> GOAL OF THE EXERCISE
The answer must be an exact copy of the entries below, with no images in it.

[Source data]
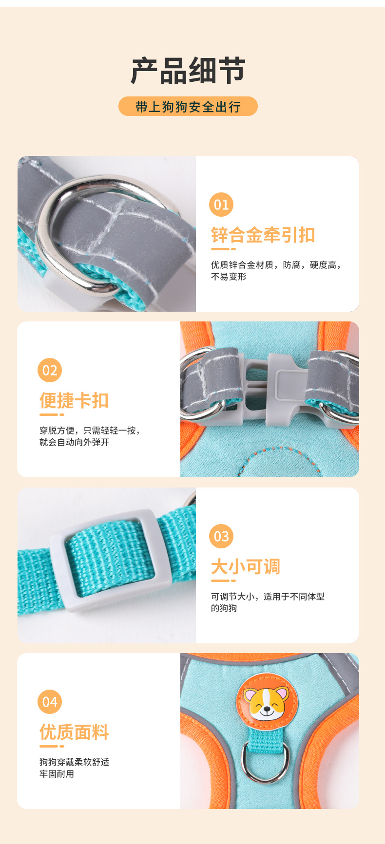 개 가죽 끈 소형 및 중형 반사 애완 동물 가슴 스트랩 안티 브레이크 개 산책 고양이 가죽 끈 애완 동물 용품스토어 가기
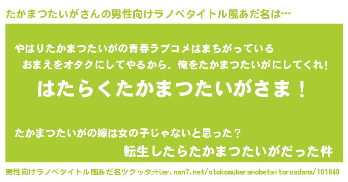 | 意味不明あだ名 | 『たかまつたいがフォーエバー』 |
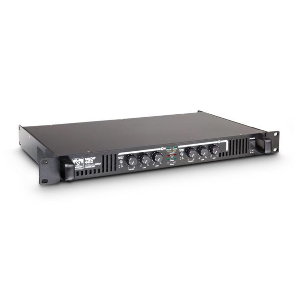 Palmer MACHT 402 è un finale di potenza stereo da 19″, sviluppato appositamente per l’utilizzo con chitarre. Possiede una potenza di 200 Watt per canale, di 400 Watt in modalità ponticello e funziona praticamente con qualsiasi cassa per chitarra. Dotato di circuiti in classe D, di un alimentatore switching particolarmente efficiente e di un ventilatore silenzioso, questo apparecchio è protetto contro sovratensione, tensione continua, cortocircuiti e surriscaldamento.
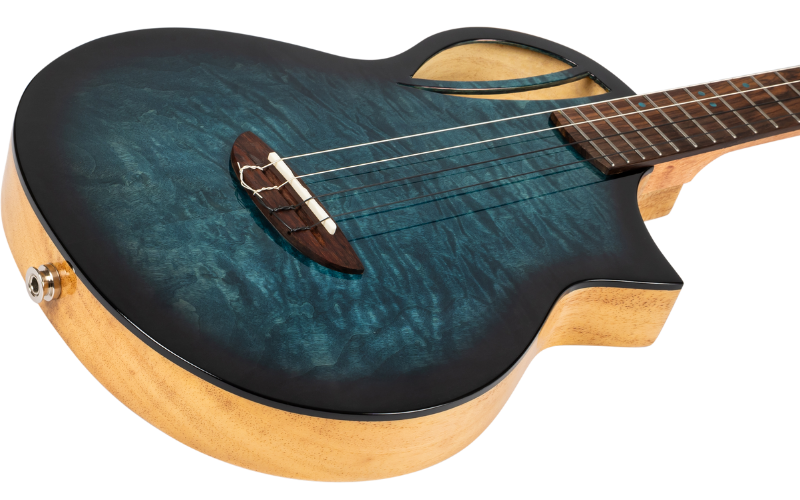 Electro-acoustic baritone solid quilted maple top ukulele
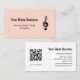 Professional music lessons business card, with a treble clef symbol on a rose gold background. With black customisable lettering, you customise with your own information. You also add your website to allow for connection with a QR code. Great for promoting your music lessons or performing business.
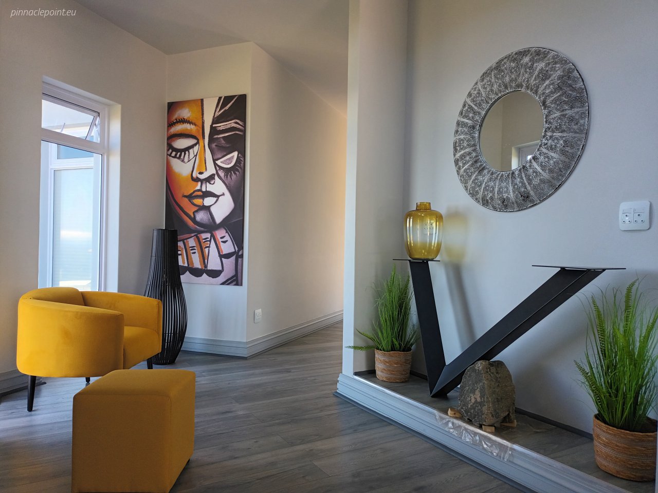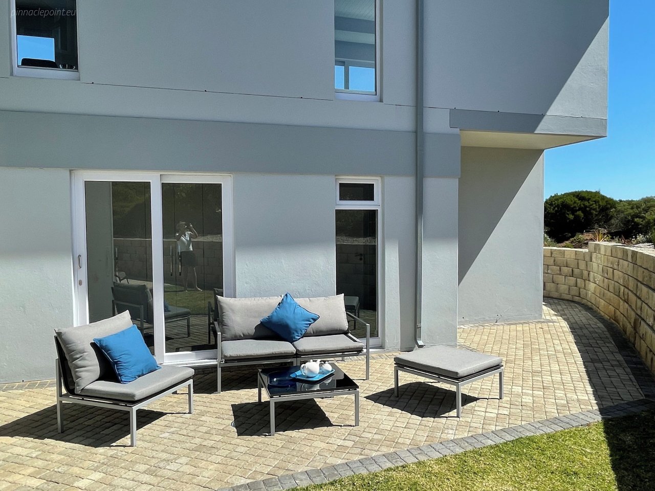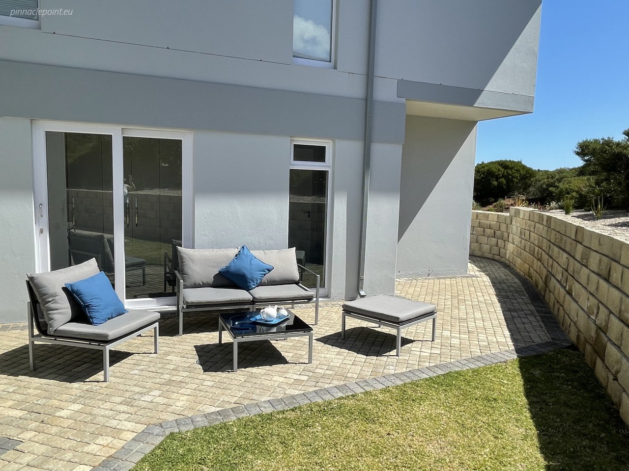 Die terras en balkon op die eerste verdieping word omring deur die see en Suid-Afrikaanse fynbostuine en bied asemrowende uitsigte en nooi u uit om rustige aande deur te bring met skouspelagtige sonsondergange.

> WRITTEN RESPONSE
 개 가죽 끈 소형 및 중형 반사 애완 동물 가슴 스트랩 안티 브레이크 개 산책 고양이 가죽 끈 애완 동물 용품스토어 가기
 | 意味不明あだ名 | 『たかまつたいがフォーエバー』 |
 Palmer MACHT 402 è un finale di potenza stereo da 19″, sviluppato appositamente per l’utilizzo con chitarre. Possiede una potenza di 200 Watt per canale, di 400 Watt in modalità ponticello e funziona praticamente con qualsiasi cassa per chitarra. Dotato di circuiti in classe D, di un alimentatore switching particolarmente efficiente e di un ventilatore silenzioso, questo apparecchio è protetto contro sovratensione, tensione continua, cortocircuiti e surriscaldamento.
 Electro-acoustic baritone solid quilted maple top ukulele
 Professional music lessons business card, with a treble clef symbol on a rose gold background. With black customisable lettering, you customise with your own information. You also add your website to allow for connection with a QR code. Great for promoting your music lessons or performing business.
 Die terras en balkon op die eerste verdieping word omring deur die see en Suid-Afrikaanse fynbostuine en bied asemrowende uitsigte en nooi u uit om rustige aande deur te bring met skouspelagtige sonsondergange.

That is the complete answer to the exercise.